Distributed together with: Anonymity, Intimacy and Self-Disclosure in Social Media (full citation below).
This dataset contains self-disclosure items with various levels of intimacy and valence. The items can be used to study self disclosure under various settings. We also include below the source data from an experiment that used these items to study the effect of anonymity and audience on comfort level of self-disclosure.

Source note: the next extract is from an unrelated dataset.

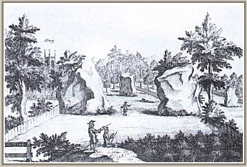Some 70 years later, during the first part of the 18th Century, William Stukeley (1687 - 1765) became the antiquarian who devoted his time to Avebury and so much of what is known about the more recent history is attributable to him. Not only did he chronicle his visits he also drew much of what he saw. He mistakenly allied the Avebury monuments to the Druids and believed the henge and avenues to be a representation of a giant serpent but his ideas were no more fanciful than many that have followed since. His findings at Avebury were published in 1743 in his "Abury, A Temple of the British Druids". It is his illustrations and records that have proved so valuable in helping us realize what a magnificent and extensive undertaking the Avebury monuments were. During his visits to Avebury he had to witness much of the unforgivable destruction that took place at that time. His contribution has been vital to the history of the monuments for without it researchers would have great difficulty in interpreting what is there now. The recent discoveries in the Beckhampton Avenue have only occurred as a result of Stukeley's earlier observations. If he hadn't taken a keen interest in the Avebury monuments one wonders how long it would have taken later researchers to suspect the avenue's existence and if it would have ever been found.

The details of the item development are provided in the paper. We developed 36 items (18 positive, 18 negative) that cover six topical categories:
(1) Tastes and Interests;
(2) Attitudes and Opinions;
(3) Work or Studies;
(4) Economic and Social Status;
(5) Interpersonal Relations and Self-Concept;
(6) Physical Appearance and Sex;
- The items are available in
self-disclosure-items.csv
file that contains:- id
- text
- category
- valence
- intimacy mean and standard deviation (N = 269) as detailed in the paper
We used the self-disclosure items to run a Mechanical Turk experiment to investigate how the identification and audience features of the social media platform design moderate the relationship between content intimacy and willingness to self-disclose. details of the experiment and participant recruiting are provided in the paper.
-
The
experiment-data.csv
contains participant responses used in the analysis (N = 269) after the filtering process detailed in the paper. The file contains multiple rows, each including:- participant id
- condition assigned
- intimacy rating given by the participant
- willingness to self-disclose
- age
- gender
- area of residence (Urban/Suburban/Rural)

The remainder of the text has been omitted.